30/11/2023 –, Room 3
Langue: English
Cholera is endemic to Malawi and its transmission is evolving. We are observing changes in which cholera transmission dynamics have been reported. As of June 30, 2023, Malawi reported 58,912 cases, 1,763 deaths, and 4 hospitalized cases in all 29 districts of Malawi. Evidence from the World Health Organization (WHO) and the Malawi Ministry of Health has shown that most cases have been reported during the rainy season, with the largest outbreak occurring from October 2001 to April 2002, affecting 26 of the 29 districts, with 33 546 cases and 968 deaths (Case Fatality Rate (CFR) 3%). However, the current outbreak has extended throughout the dry season, with cases being reported since March 2022. The outbreak, which was initially limited to the southern region and flood-affected areas, has now spread to all regions and districts in the country. One aspect contributing to the increased cholera cases in Malawi is climate change, which has caused flooding. Inadequate sanitation and insufficient access to safe drinking water have already impacted cholera transmission dynamics.
A novel computational tool is developed in which all cholera cases are hosted, and all interventions are put in place to provide a better understanding of cholera transmission trends to drive decision-making. Most of these cases are not hosted on interoperable systems such as interactive dashboards for effective communication. This presents an obstacle to better understanding the outbreak and overcoming its devastating effects. A customized dashboard is more than effective communication and has helped shape decision-making processes and provided real-time surveillance data to guide targeted public health interventions. Public health systems are unprepared, and customized tools to visualize the disease burden are utilized to help mobilize the right resources and inform early warning systems. A dashboard is a resource that helps advance the understanding of cholera, inform the public, and brief policymakers to guide responses, improve care, and save lives.
Despite the concurrent incidence of cholera in the country, no one has developed a customized dashboard that reports total trends, cases, deaths, or even the number of vaccines administered at the community level. Most of the reports generated come in pdf format which is not interactive in reporting cases of cholera. A high-quality and fine-scale interactive dashboard was developed to understand which communities and environments are disproportionally affected by surges of cholera transmission so that additional mitigation strategies and limited resources can be appropriately directed by humanitarian agencies and local governments. It is unique to have an interactive cholera dashboard with visual graphics and trends in cholera cases across communities in Blantyre.
Through collaboration with the Serosurveillance of Vaccine-Preventable Diseases in Malawi (Serosurv) project at the Malawi Liverpool Wellcome Programme (MLW), Blantyre District Health Office (BDHO), Public Health Institution of Malawi (PHIM), and Digital Health Information (DHI). We were provided with the cholera line list that contained details about the patient’s name, age, sex, Traditional Authority (TA), date of onset of cholera, date seen at a health facility, village, RDT result, culture result, treatment given, and status whether alive or dead. Our data were summarized in the R programming language, and we obtained all villages from which the patients were reported from. With the help of the Malawi University of Business and Applied Sciences (MUBAS) youth mappers, we geolocated all villages around Blantyre.
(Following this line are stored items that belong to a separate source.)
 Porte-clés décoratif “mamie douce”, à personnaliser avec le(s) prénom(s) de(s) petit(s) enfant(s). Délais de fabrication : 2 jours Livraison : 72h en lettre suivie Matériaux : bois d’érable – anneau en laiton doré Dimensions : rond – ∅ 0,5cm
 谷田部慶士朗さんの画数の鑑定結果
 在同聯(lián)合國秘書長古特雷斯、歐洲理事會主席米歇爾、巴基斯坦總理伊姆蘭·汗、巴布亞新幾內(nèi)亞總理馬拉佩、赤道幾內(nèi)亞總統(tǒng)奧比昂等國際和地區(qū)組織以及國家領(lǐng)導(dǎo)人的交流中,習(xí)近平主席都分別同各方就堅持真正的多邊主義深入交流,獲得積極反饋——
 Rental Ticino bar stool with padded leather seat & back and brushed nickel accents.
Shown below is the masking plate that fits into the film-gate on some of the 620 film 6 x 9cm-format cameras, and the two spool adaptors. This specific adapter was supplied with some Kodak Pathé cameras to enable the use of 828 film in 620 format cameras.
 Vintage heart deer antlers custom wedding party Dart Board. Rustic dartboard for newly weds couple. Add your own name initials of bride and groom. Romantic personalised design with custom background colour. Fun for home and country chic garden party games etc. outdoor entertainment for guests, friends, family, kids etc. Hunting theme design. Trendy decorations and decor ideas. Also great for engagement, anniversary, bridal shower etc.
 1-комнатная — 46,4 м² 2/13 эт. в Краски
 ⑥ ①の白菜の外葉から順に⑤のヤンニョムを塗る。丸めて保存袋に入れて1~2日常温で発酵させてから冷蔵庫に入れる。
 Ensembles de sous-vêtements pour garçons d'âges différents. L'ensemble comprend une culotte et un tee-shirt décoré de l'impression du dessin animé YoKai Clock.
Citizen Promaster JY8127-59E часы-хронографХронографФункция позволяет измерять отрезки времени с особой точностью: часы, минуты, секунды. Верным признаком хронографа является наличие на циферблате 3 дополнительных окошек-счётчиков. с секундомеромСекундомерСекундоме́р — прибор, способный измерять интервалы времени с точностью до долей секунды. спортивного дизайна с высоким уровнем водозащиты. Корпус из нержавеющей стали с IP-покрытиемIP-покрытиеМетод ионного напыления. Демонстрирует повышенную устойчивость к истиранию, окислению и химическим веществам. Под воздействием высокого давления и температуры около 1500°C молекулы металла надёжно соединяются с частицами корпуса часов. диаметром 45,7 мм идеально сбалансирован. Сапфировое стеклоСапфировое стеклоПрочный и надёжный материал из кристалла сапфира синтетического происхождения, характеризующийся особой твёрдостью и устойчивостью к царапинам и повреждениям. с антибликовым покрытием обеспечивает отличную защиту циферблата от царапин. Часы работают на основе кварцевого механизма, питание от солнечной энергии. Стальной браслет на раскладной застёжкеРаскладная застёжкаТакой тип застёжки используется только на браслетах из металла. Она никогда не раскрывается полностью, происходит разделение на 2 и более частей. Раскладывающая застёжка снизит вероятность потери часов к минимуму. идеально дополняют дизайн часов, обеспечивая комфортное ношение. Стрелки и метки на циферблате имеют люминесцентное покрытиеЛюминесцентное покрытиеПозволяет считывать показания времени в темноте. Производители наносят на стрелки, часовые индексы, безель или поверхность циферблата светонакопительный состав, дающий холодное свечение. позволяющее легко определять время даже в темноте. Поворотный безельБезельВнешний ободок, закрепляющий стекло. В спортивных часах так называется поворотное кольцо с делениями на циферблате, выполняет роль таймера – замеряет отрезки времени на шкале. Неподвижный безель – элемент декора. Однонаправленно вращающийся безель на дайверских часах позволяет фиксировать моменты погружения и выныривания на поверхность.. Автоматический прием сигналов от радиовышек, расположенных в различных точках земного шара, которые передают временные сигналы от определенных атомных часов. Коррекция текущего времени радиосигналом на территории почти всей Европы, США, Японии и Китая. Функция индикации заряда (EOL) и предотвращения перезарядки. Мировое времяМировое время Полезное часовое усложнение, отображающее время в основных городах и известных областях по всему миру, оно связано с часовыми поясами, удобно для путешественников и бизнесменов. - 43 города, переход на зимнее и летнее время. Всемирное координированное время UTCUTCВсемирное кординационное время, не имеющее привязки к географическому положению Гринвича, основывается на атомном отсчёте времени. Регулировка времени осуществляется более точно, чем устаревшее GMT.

An Open Data Kit (ODK) was used to collect the coordinates. This spatial aspect was then merged with the cholera data. R Shiny was used to develop and host the dashboard. A cholera hotspot map and graphs were created to convey cholera information by presenting location-based cases using intuitive and interactive data visualization for at-a-glance decision-making.
With the use of ODK, we managed to map all the villages around Blantyre District. The developed dashboard in R Shiny showed hotspots of cholera cases at the community level. The map shows that most cases were centralized in the urban areas, with decreasing cases as we moved to the outskirts of the district. Further, the dashboard visualized that the daily, weekly, and monthly cases came from a village called Bangwe, which is in the urban area of the Blantyre district.
The study has demonstrated the power of using Open Data resources to visualize disease burden to aid in decision-making. The cholera dashboard has enabled real-time data analysis, early detection of outbreaks, spatial mapping, and prediction modelling. Plotting the locations of reported cases on a map provided a clear picture of the affected areas, hotspots, and potential transmission routes. This spatial visualization enhanced our understanding of disease dynamics, helped to identify high-risk regions, and aided in resource allocation for disease control. Further, open mapping has enhanced the visualization of the spread of cholera outbreaks and highlights areas at risk. This has increased public understanding of the disease and encouraged proactive measures such as water and sanitation improvements, hygiene practices, and vaccination campaigns. This has empowered communities to take preventive action and reduce the burden of cholera.
Chifuniro Baluwa is an Environmental Scientist who has a passion for using open geospatial resources to solve pressing environmental and health issues in Malawi. She has recently been awarded a Commonwealth Scholarship to study MSc in Geographical Information Systems (GIS) at the University of Leeds. Currently, Chifuniro is a Hamish Ogston Foundation early career grant awardee. She is working on cholera strengthening in Blantyre, Malawi and she is committed to using Open Data to drive decision-making processes to save lives.